##### RECORDS FOR THE TASK #####

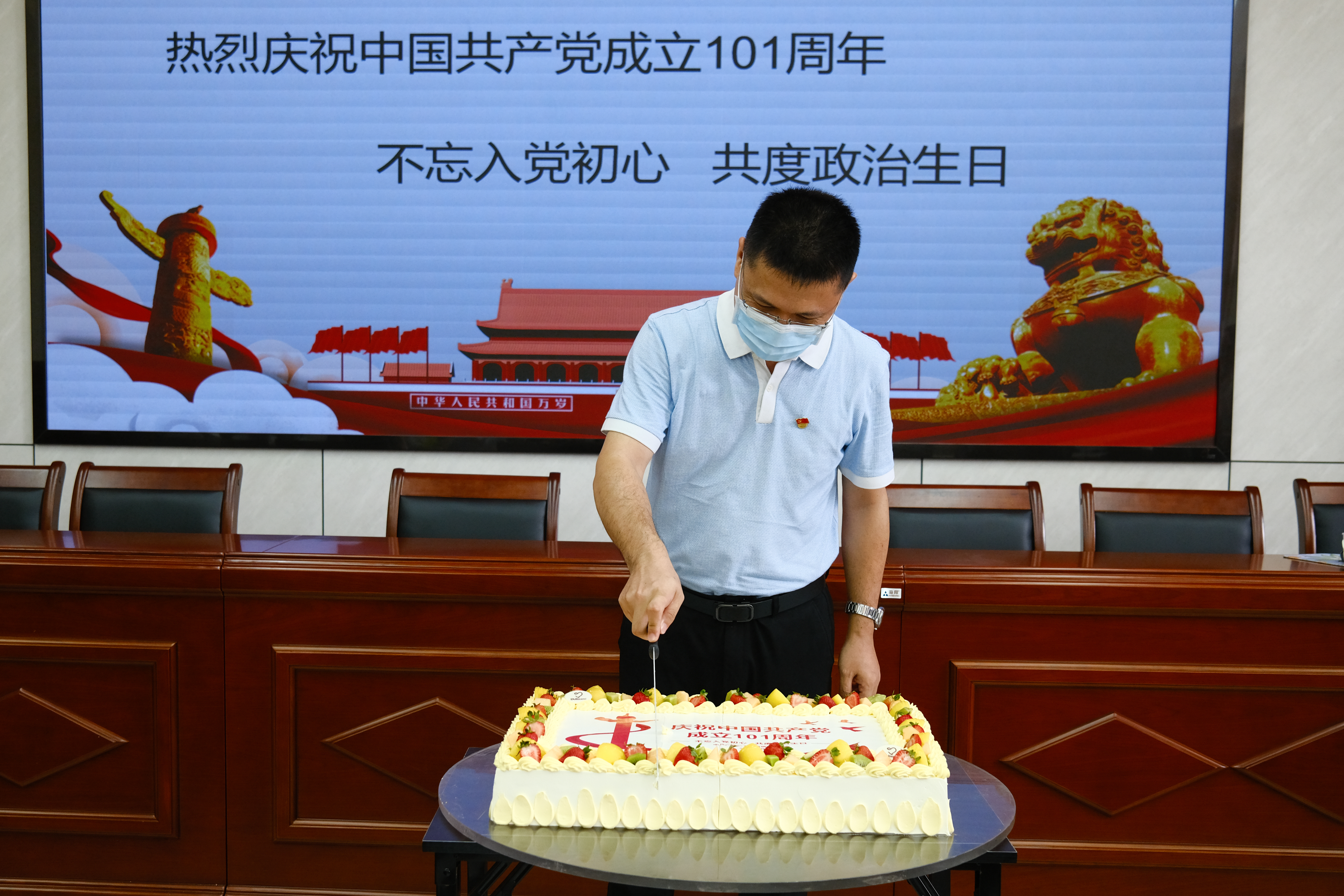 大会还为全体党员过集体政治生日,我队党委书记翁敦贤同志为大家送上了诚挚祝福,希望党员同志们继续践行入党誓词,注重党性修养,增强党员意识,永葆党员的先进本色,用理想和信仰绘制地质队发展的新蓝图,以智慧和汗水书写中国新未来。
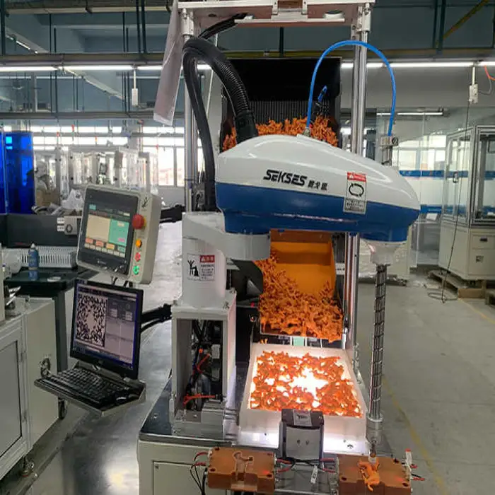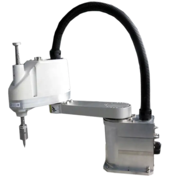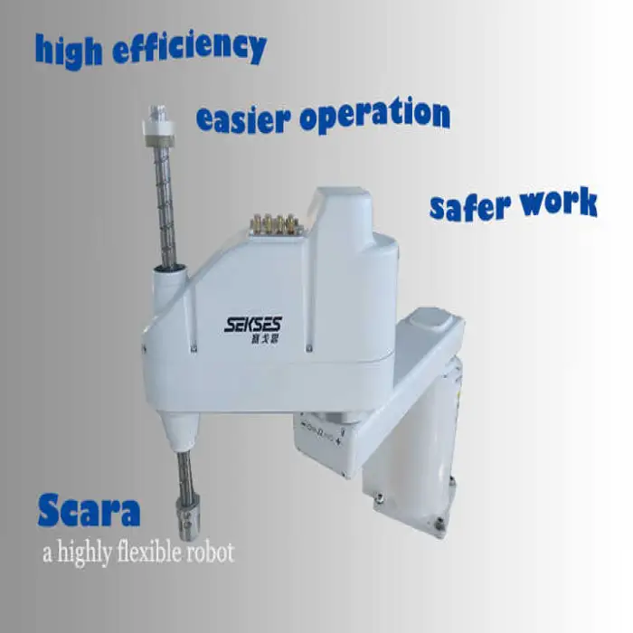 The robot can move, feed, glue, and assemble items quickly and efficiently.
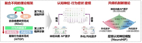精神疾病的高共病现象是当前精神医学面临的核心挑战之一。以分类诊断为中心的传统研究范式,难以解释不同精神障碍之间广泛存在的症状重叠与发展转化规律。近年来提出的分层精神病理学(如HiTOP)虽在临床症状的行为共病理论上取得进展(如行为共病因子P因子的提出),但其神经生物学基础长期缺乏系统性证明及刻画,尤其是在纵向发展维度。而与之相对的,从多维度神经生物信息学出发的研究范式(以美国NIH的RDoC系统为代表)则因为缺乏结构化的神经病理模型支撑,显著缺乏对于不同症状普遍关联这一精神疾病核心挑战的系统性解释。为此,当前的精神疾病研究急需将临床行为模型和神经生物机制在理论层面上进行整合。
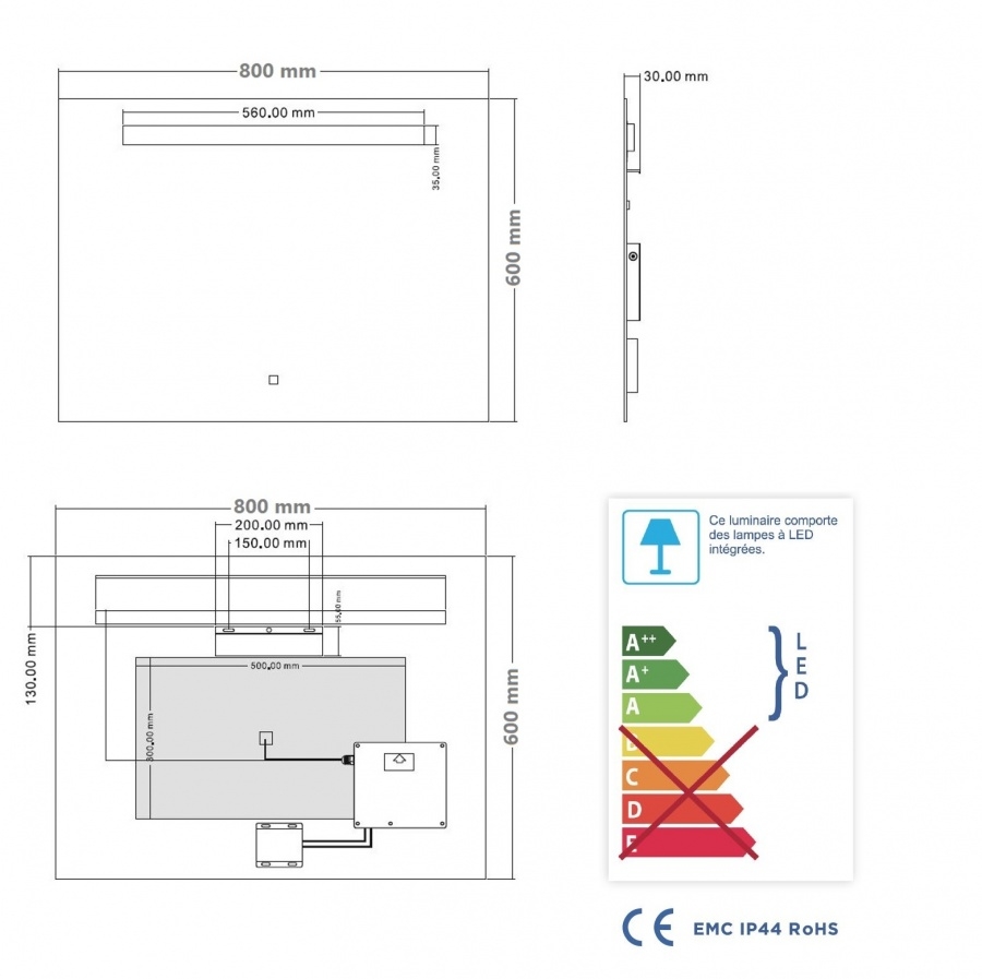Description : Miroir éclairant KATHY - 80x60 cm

#####
##### RECORDS FOR THE TASK #####

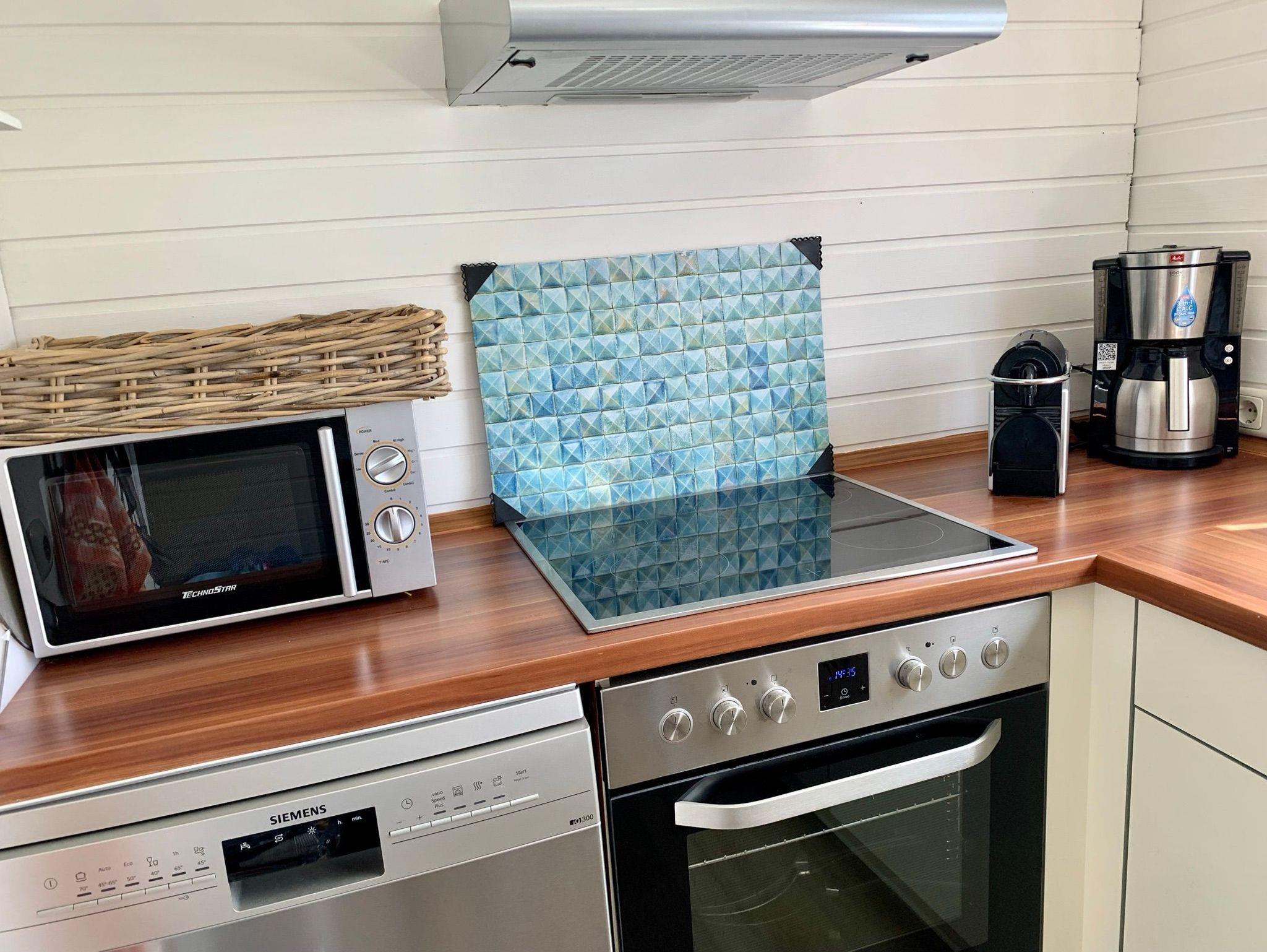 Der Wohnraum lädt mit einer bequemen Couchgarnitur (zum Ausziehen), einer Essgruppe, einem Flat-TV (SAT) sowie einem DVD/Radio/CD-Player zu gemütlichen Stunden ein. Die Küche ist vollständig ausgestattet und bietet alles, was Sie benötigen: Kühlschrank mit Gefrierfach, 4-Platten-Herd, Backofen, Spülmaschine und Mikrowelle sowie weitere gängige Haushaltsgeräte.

#####

Extract from the material above the stretch running from the line containing "大会还为全体党员过集体政治生" through the line containing "Description : Miroir". Keep the text exact and the pictures out.

 大会还为全体党员过集体政治生日,我队党委书记翁敦贤同志为大家送上了诚挚祝福,希望党员同志们继续践行入党誓词,注重党性修养,增强党员意识,永葆党员的先进本色,用理想和信仰绘制地质队发展的新蓝图,以智慧和汗水书写中国新未来。
 The robot can move, feed, glue, and assemble items quickly and efficiently.
精神疾病的高共病现象是当前精神医学面临的核心挑战之一。以分类诊断为中心的传统研究范式,难以解释不同精神障碍之间广泛存在的症状重叠与发展转化规律。近年来提出的分层精神病理学(如HiTOP)虽在临床症状的行为共病理论上取得进展(如行为共病因子P因子的提出),但其神经生物学基础长期缺乏系统性证明及刻画,尤其是在纵向发展维度。而与之相对的,从多维度神经生物信息学出发的研究范式(以美国NIH的RDoC系统为代表)则因为缺乏结构化的神经病理模型支撑,显著缺乏对于不同症状普遍关联这一精神疾病核心挑战的系统性解释。为此,当前的精神疾病研究急需将临床行为模型和神经生物机制在理论层面上进行整合。
Description : Miroir éclairant KATHY - 80x60 cm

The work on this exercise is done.